**TASK REQUIREMENTS**
Retype the whole listing verbatim and keep the pictures out of it.

**DATA UNDER STUDY**
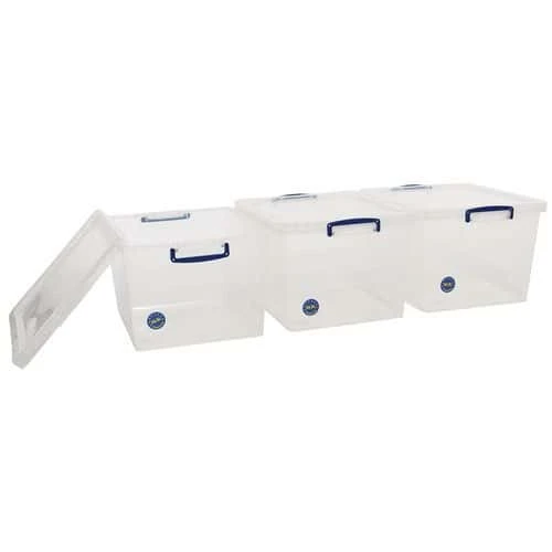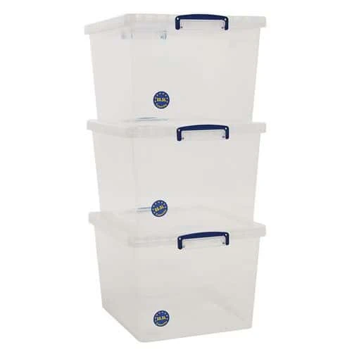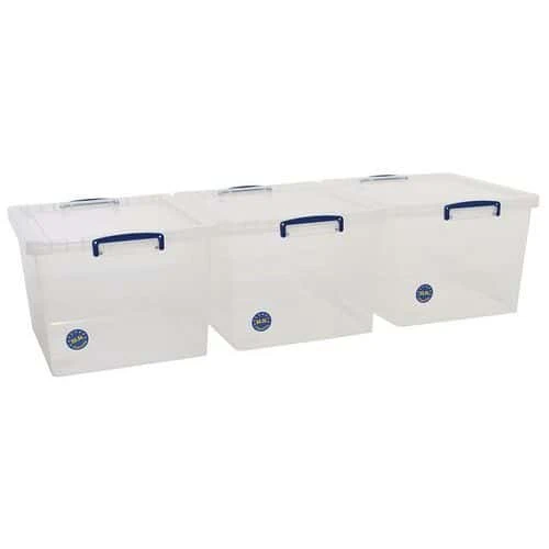 33.5L Really Useful Storage Boxes – Pack Of 3 – Transparent Plastic
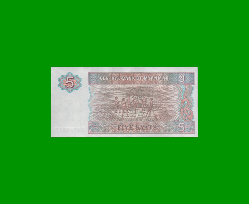 BILLETE DE MYANMAR (BIRMANIA) 5 KYATS, PICK 70, ESTADO SIN CIRCULAR.-
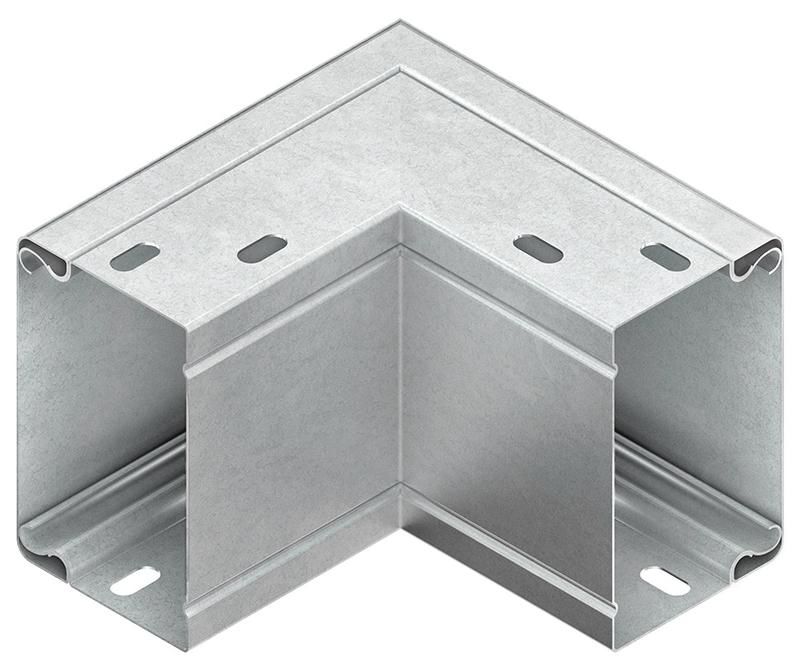 Leitungsschutzkanal-Inneneck 90ø, mit Deckel, aus bandverzinktem Stahl nach DIN EN 10346, mit Schraubverbinderlochung für LS-Industriekanal LI... und LUE..., 2 Universalverbinder LIV 60 müssen gesondert bestellt werden. VDE zertifiziert!
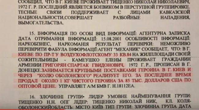 В другом документе говорится, что гражданин Армении Спартак Григорян занимается крупными поставками героина в Киеве и «через «Колю Оболонского» реализует его. За последнее время продал около 1 кг чистого героина за 85 тыс. долларов США по оптовой цене».
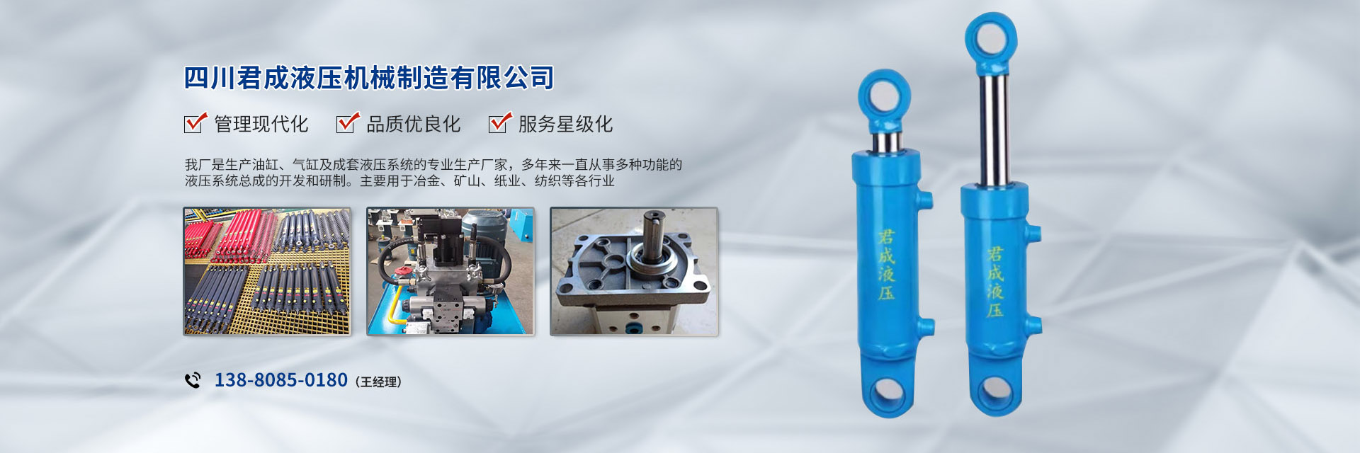 公司主導產品:液壓油缸HSG1全系列,YHG1型冶金設備缸,以及GHF1系列高壓液壓缸、多級缸等。扣壓式全系列液壓膠管以及特殊要求的液壓膠管總成。公司銷售項目還包括各種管接頭、多路閥、液壓鎖、液壓系統、頂磚機、全液壓式垃圾庫等,承接各類大、中型成套液壓系統的設計制造、安裝和調試服務。
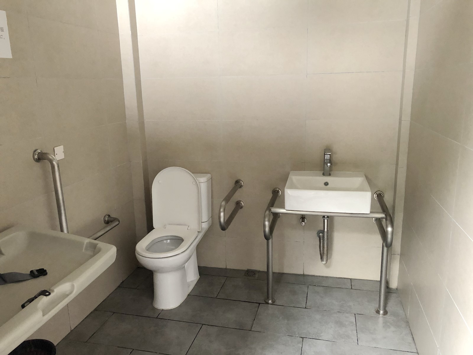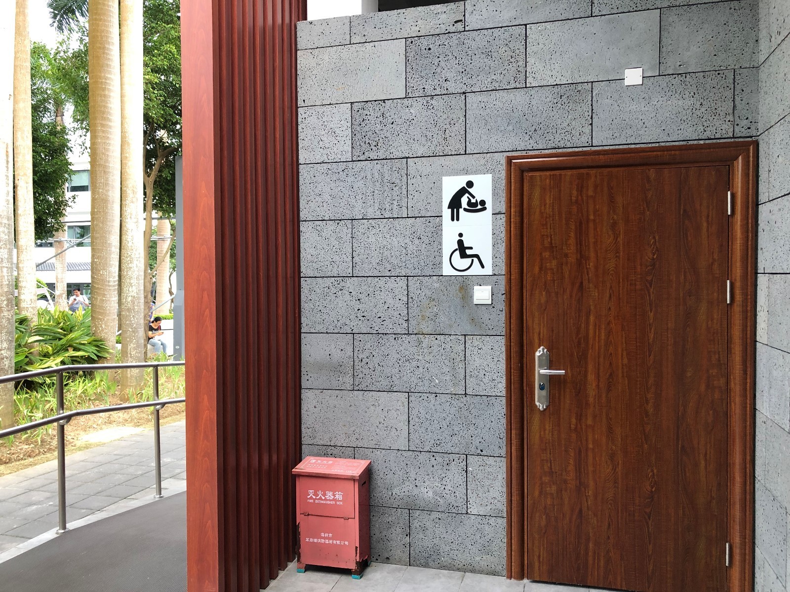 ▲記者來到深圳人頗為喜愛的“網紅公園”——香蜜公園采訪時,正值夕陽西下,天氣由炎熱略轉涼爽,很多家長帶著孩子在兒童游樂場里嬉戲。游樂場附近有一個公共廁所,記者沒有找到親子衛(wèi)生間,但也在公廁門口發(fā)現(xiàn)了母嬰室、殘疾人衛(wèi)生間“二合一”的衛(wèi)生間,內有一個帶扶手的坐便器和母嬰設施。
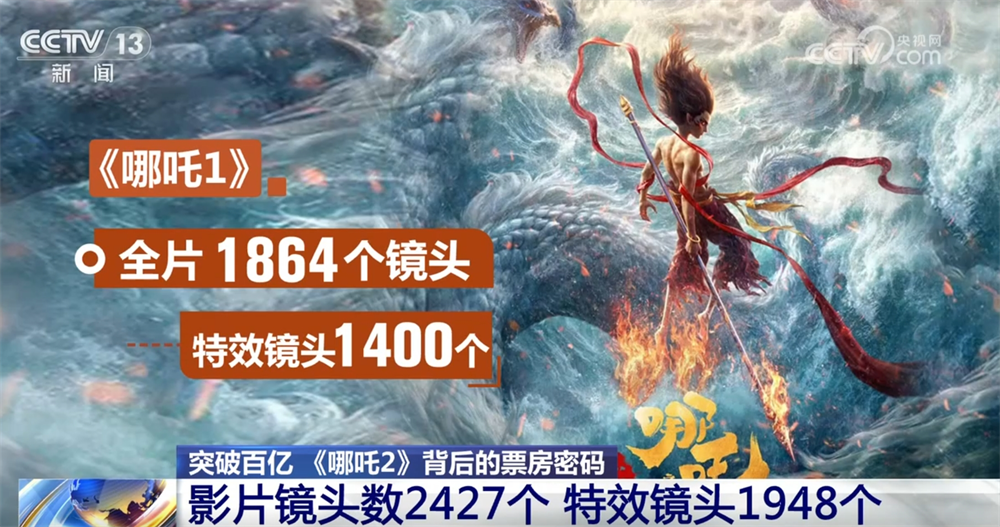 据电影主创团队提供的数据:《哪吒1》,也就是《哪吒之魔童降世》全片1864个镜头,特效镜头1400个;而《哪吒2》,镜头数达到2427个,其中特效镜头1948个。影片中的每一个特效镜头、每一帧画面都是138家动画公司、4000多名动画人的合力托举。
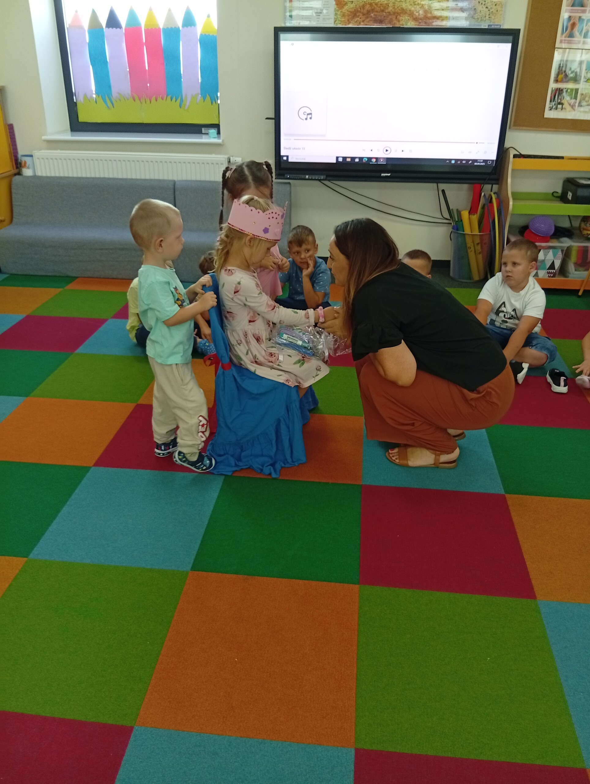 8 września, Marysia obchodziła w przedszkolu swoje czwarte urodzinki. Naszej koleżance zaśpiewaliśmy 100 lat oraz wręczyliśmy jej prezent, a ona poczęstowała nas słodkościami.

**REPLY**
 33.5L Really Useful Storage Boxes – Pack Of 3 – Transparent Plastic
 BILLETE DE MYANMAR (BIRMANIA) 5 KYATS, PICK 70, ESTADO SIN CIRCULAR.-
 Leitungsschutzkanal-Inneneck 90ø, mit Deckel, aus bandverzinktem Stahl nach DIN EN 10346, mit Schraubverbinderlochung für LS-Industriekanal LI... und LUE..., 2 Universalverbinder LIV 60 müssen gesondert bestellt werden. VDE zertifiziert!
 В другом документе говорится, что гражданин Армении Спартак Григорян занимается крупными поставками героина в Киеве и «через «Колю Оболонского» реализует его. За последнее время продал около 1 кг чистого героина за 85 тыс. долларов США по оптовой цене».
 公司主導產品:液壓油缸HSG1全系列,YHG1型冶金設備缸,以及GHF1系列高壓液壓缸、多級缸等。扣壓式全系列液壓膠管以及特殊要求的液壓膠管總成。公司銷售項目還包括各種管接頭、多路閥、液壓鎖、液壓系統、頂磚機、全液壓式垃圾庫等,承接各類大、中型成套液壓系統的設計制造、安裝和調試服務。
 ▲記者來到深圳人頗為喜愛的“網紅公園”——香蜜公園采訪時,正值夕陽西下,天氣由炎熱略轉涼爽,很多家長帶著孩子在兒童游樂場里嬉戲。游樂場附近有一個公共廁所,記者沒有找到親子衛(wèi)生間,但也在公廁門口發(fā)現(xiàn)了母嬰室、殘疾人衛(wèi)生間“二合一”的衛(wèi)生間,內有一個帶扶手的坐便器和母嬰設施。
 据电影主创团队提供的数据:《哪吒1》,也就是《哪吒之魔童降世》全片1864个镜头,特效镜头1400个;而《哪吒2》,镜头数达到2427个,其中特效镜头1948个。影片中的每一个特效镜头、每一帧画面都是138家动画公司、4000多名动画人的合力托举。
 8 września, Marysia obchodziła w przedszkolu swoje czwarte urodzinki. Naszej koleżance zaśpiewaliśmy 100 lat oraz wręczyliśmy jej prezent, a ona poczęstowała nas słodkościami.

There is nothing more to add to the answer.